她说着站起身。我们离开咖啡吧,登上挑空式楼梯后打开二楼写着“2号录音室”的门。
屋子里先是谈话空间,沙发、餐桌、电视、音响组合、微波炉还有冰箱等居家用品齐备,再往里面耸立着涂成红色的隔音门。
踏入控制室的瞬间,空气便紧紧贴住皮肤,但我丝毫没有感到不快,反而是被自己身体不断透明、结晶化般的奇妙感觉所笼罩。左手边是巨大的控制台,更左边的墙是一整面玻璃,能看到设在对面的录音间。控制台前有两名上年纪的男性坐在办公椅上,桌子四周的沙发上坐着三名四十岁左右的男性,还有一名面熟的女性。是响子小姐的搭档,鼓手千晶小姐。全员的视线集中在我身上,让我紧张得动弹不得。
“哇,好可爱。”
千晶小姐最先开口。
“怎么回事怎么回事?因为想要可爱的和声所以让他打扮成可爱的样子过来?”
她从沙发上起身,凑到我身边不住地打量。响子小姐笑着按住她的肩膀让她回到沙发上。
“不是喔,少年平时就很可爱,而且这次需要的并不是可爱的声音。”
接着她再次转向我,向我介绍在座的面孔。录音师,助理录音师,制作人兼键盘手,吉他手,贝斯手。我畏缩地躲在响子小姐背后,反复低头打招呼。
“那个,我是村濑真琴。今天,呃,那个……”
“没事的,大家都很熟悉PNO。”制作人道。“很荣幸见到您。虽然想慢慢聊一聊,不过今天要做的不是这个。谱子在这儿,先来听四大件伴奏,然后换到6号录音室——”(译注:四大件伴奏,通常指由鼓、贝斯、吉他和键盘四种核心乐器组成的基础伴奏音轨。)
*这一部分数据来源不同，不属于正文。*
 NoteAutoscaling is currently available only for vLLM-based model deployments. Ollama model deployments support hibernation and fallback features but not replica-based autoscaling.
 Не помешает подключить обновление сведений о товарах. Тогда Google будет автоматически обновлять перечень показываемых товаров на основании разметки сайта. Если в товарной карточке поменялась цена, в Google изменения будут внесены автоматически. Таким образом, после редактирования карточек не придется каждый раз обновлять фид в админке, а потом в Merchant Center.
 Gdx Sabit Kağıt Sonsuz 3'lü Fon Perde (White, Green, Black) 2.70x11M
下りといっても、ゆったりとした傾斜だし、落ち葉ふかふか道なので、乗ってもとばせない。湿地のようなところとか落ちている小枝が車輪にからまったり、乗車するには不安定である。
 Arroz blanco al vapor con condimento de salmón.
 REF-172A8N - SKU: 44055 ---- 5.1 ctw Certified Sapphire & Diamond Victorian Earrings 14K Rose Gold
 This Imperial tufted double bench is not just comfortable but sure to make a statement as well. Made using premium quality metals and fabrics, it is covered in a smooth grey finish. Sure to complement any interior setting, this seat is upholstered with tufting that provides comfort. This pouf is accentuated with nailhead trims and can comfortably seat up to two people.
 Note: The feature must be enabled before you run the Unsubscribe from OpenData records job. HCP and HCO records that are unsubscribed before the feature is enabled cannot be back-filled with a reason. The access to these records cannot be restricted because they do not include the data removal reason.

他转眼间就说起工作内容,我还来不及调整心情结果不知所措。对于要录的歌,只能当场听音源再立刻进行理解响子小姐和制作人简略又抽象的语言。
“前段时间少年不是发表了一首单人的曲子吗,就是带回响贝斯(Dubstep)味的那个。前奏里那个不停冒气泡一样的声音,再暗黑一点就是我想要的。用两个声部唱,第二个声部每乐句慢一拍叠上来。想要金属质感的和声。”
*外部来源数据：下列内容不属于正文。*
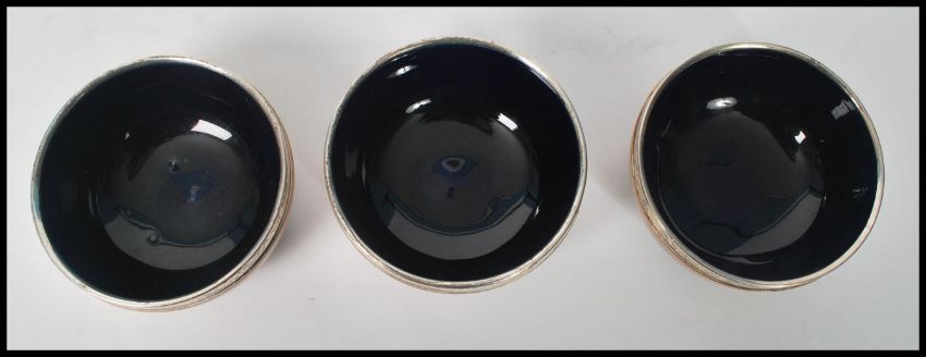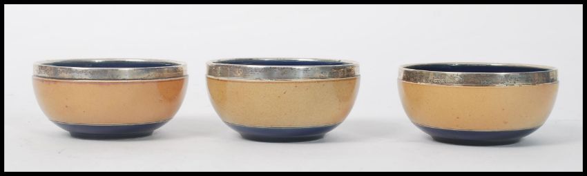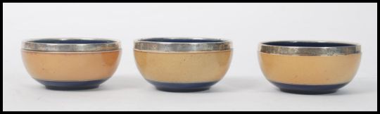 A group of four Royal Doulton bowls having silver hallmarked rims. One bearing inscription For Baby and two reading Guid Emal Maks Braw Bairns. Stamped to base. Measures 11cms wide. Note; from an extensive private collection of Royal Doulton. The vast majority of items are free from any damage or restoration, and are in great condition. Buyers are reminded for the need to satisfy themselves as to condition of individual lots prior to bidding as condition on some, will vary.
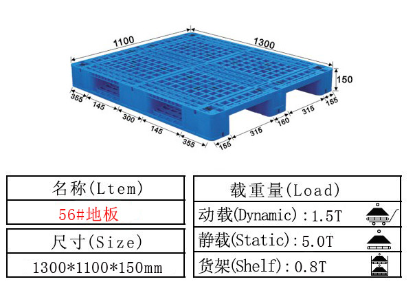 耐老化性、防静电性、抗冲击性。双面热合平板、一次成型双面网格、单面川字底、单面田字底、九脚型各种规格尺寸齐全。适用于
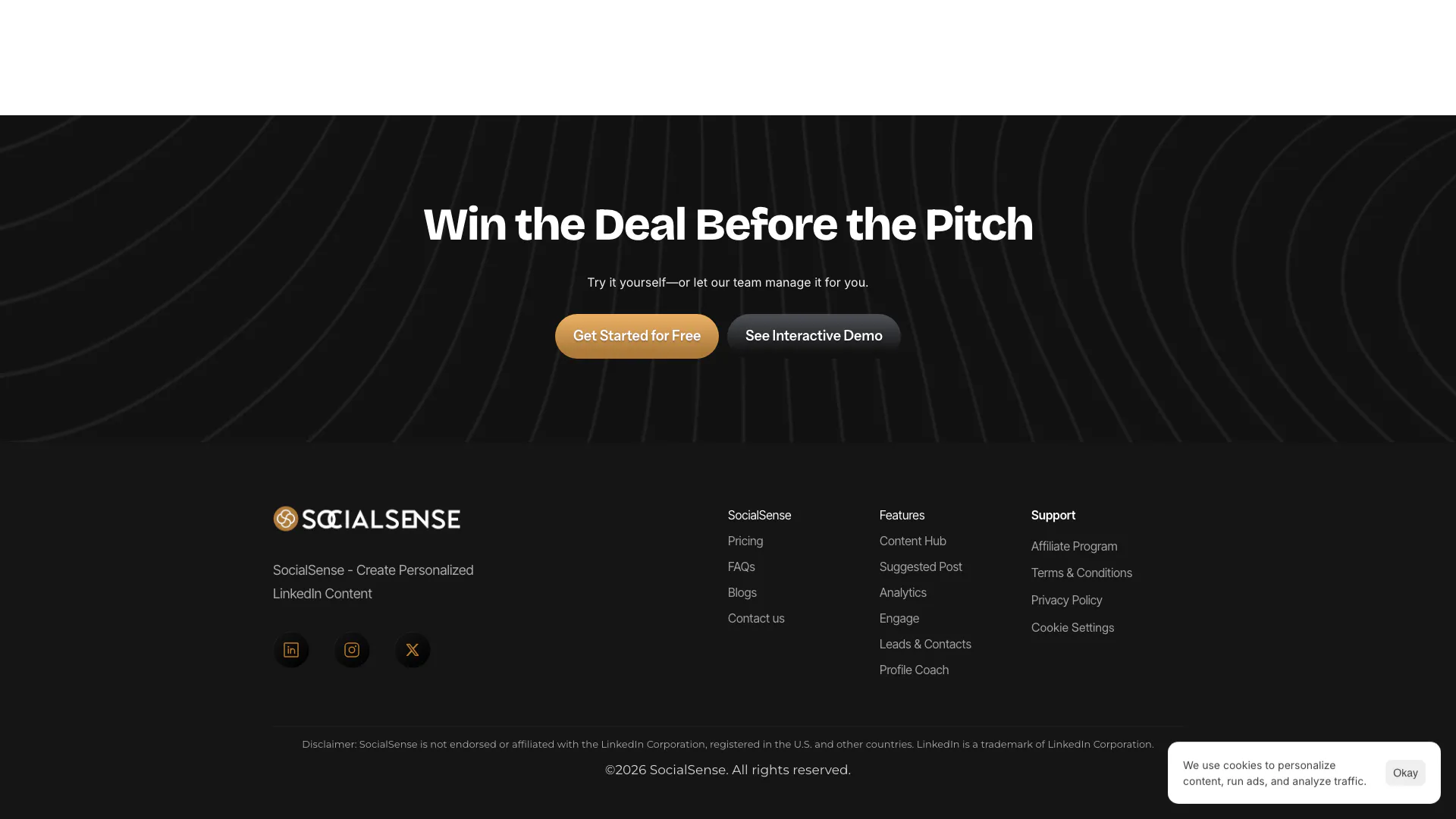 No, SocialSense es más que solo una herramienta de contenido. Está diseñado para mejorar tu actividad en LinkedIn a través de la creación de contenido impulsada por IA, estrategias de compromiso y análisis.
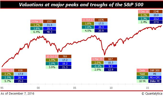 Is er dan geen stoorzender of iets dat zorgen baart? Jawel, aandelen zijn verre van goedkoop. Daar staat echter tegenover dat de rente nog steeds historisch laag te noemen is. En als u naar de verschillende waarderingsmaatstaven kijkt, dan valt het eigenlijk nogal mee. Enkel de Shiller PE, het voor inflatie gecorrigeerde tienjaars gemiddelde, valt uit de toon. Maar kijkend naar de bodems van december 1995 of oktober 2002 is ook de Shiller PE geen kompas waar men blind kan op varen. Och ja, als er geen zorgen waren, dan zouden aandelen niet kunnen stijgen. Aandelenmarkten beklimmen eenmaal een muur van zorgen.
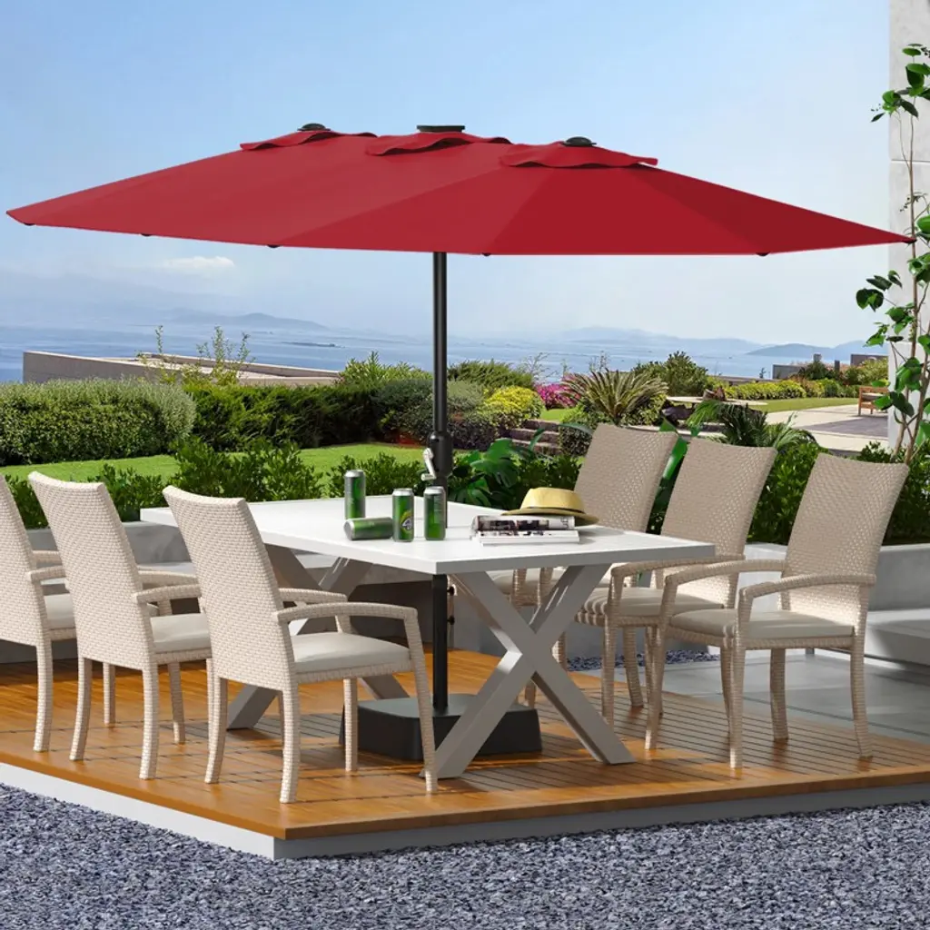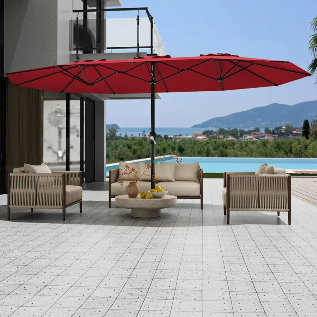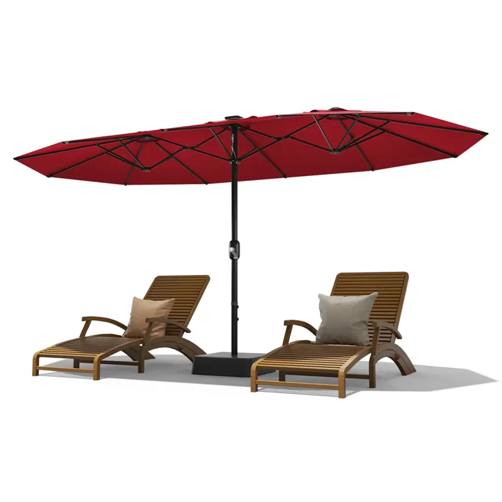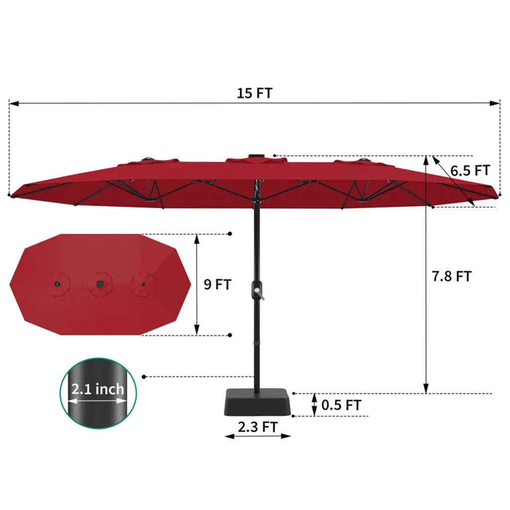 15ft Large Patio Umbrella with Base – Ultimate Outdoor Shade Solution Elevate your outdoor living with our 15ft x 9ft double-sided patio umbrella, delivering 135 sq.ft of UV-protected shade for poolsides, gardens, or backyard gatherings. Built to last with 12 rust-resistant alloy steel ribs and a powder-coated frame, it withstands wind and weather while the crank lift & tilt design ensures effortless adjustments. Includes a heavy-duty base with 2 sandbags (200 lbs total) for stability and a fade-resistant canopy backed by a 3-year durability guarantee. Perfect for homes, cafes, or beaches—upgrade your space with premium shade that blends style, safety, and convenience!

想用语言来表达音乐上的要求非常困难。如果能轻松地传达,那做音乐这件事本身就失去了意义。不过在最后,我总算是领会了响子小姐期待的声像和制作人的意向。
来到五楼,第六录音室似乎是专门用来录人声,录音间大约八叠大小,里面只有墙边的一台立式钢琴,以及放在中央的麦克风架、监听盒(Cue Box)和谱架。(译注:八叠约12~14平方米)
“……请多指教了。”
向响子小姐她们低头示意后,我打开厚重的玻璃门走进录音间。
独自一人。
虽然比刚才弱了一些,但空间猛地收缩在身上的绷紧感觉再次出现。在自家录音自不用说,无论在“Moon Echo”的排练室还是在演出现场,我都从没有遇到这种不可思议的触感。
我站在麦克风前,扣上耳机。
“那,不用紧张,来录第一遍(take 1)吧。”
玻璃对面的录音师说道。
有生以来第一次在专业录音棚录音,两个音轨,合计8次录音,不到一个小时就结束了。
只需要依照指示唱几小节乐句。
回到控制室,让录音师播放录音。和在家里录音截然不同。该怎么说,声音的立体感完全不一样。
“很棒。我没找错人。”
听了响子小姐的话,感觉好难为情。
真想早点听到实际完成的曲子——话虽如此,那并不是现在当场就能做好的东西。听说大多数录音室乐手都是当场拿到乐谱,按照指示演奏后拿到报酬就结束了,很多时候甚至不知道自己演的曲名是什么。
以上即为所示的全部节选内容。